*** Opening of RECORDED INFORMATION ***

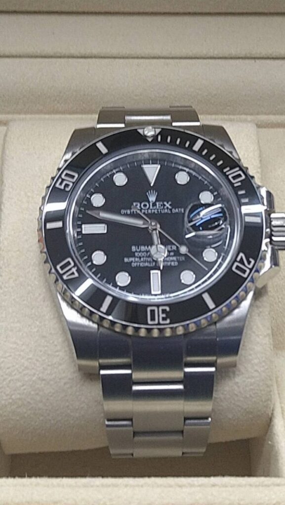本日ご紹介するのは、高級時計の代名詞であり、世代を超えて憧れ続けられるロレックスの象徴、『サブマリーナー デイト』でございます。ダイバーズウォッチの完成形とも称されるこのモデルは、洗練されたデザインと圧倒的な実用性を兼ね備えた、まさに一生ものの名作。特別な想い入れのあるお品とお伺いしました。
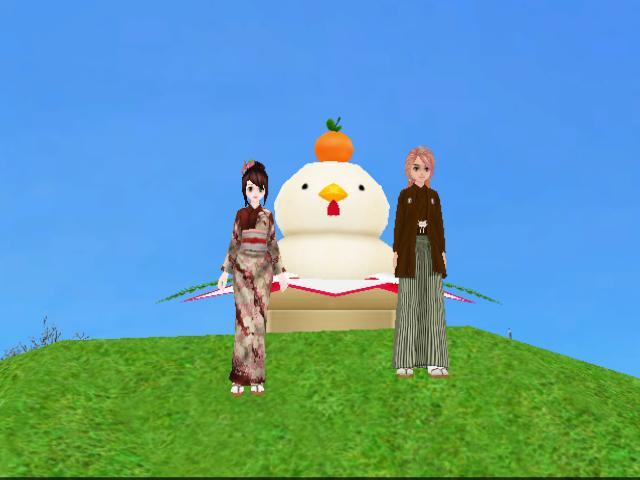 とりさん鏡餅の前 和服で記念お写真すてきですね^^ |
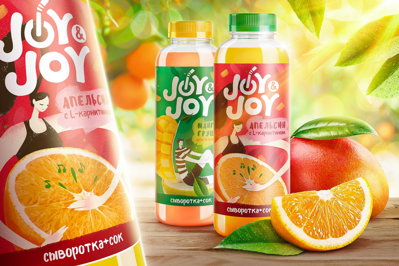 Креаторами было принято решение остановиться на названии «Joy&Joy». Оно подчеркивает идею двойного удовольствия от продукта: сладкий, освежающий напиток без вреда для здоровья и фигуры. Название легко запоминается, не вызывает сложностей при прочтении и формирует образ современного продукта для активной и прогрессивной целевой аудитории.

*** Close of RECORDED INFORMATION ***

**WORK REQUEST**
The listing above is to be retyped exactly, with all pictures left out.

**RESULT OF THE TASK**
本日ご紹介するのは、高級時計の代名詞であり、世代を超えて憧れ続けられるロレックスの象徴、『サブマリーナー デイト』でございます。ダイバーズウォッチの完成形とも称されるこのモデルは、洗練されたデザインと圧倒的な実用性を兼ね備えた、まさに一生ものの名作。特別な想い入れのあるお品とお伺いしました。
 とりさん鏡餅の前 和服で記念お写真すてきですね^^ |
 Креаторами было принято решение остановиться на названии «Joy&Joy». Оно подчеркивает идею двойного удовольствия от продукта: сладкий, освежающий напиток без вреда для здоровья и фигуры. Название легко запоминается, не вызывает сложностей при прочтении и формирует образ современного продукта для активной и прогрессивной целевой аудитории.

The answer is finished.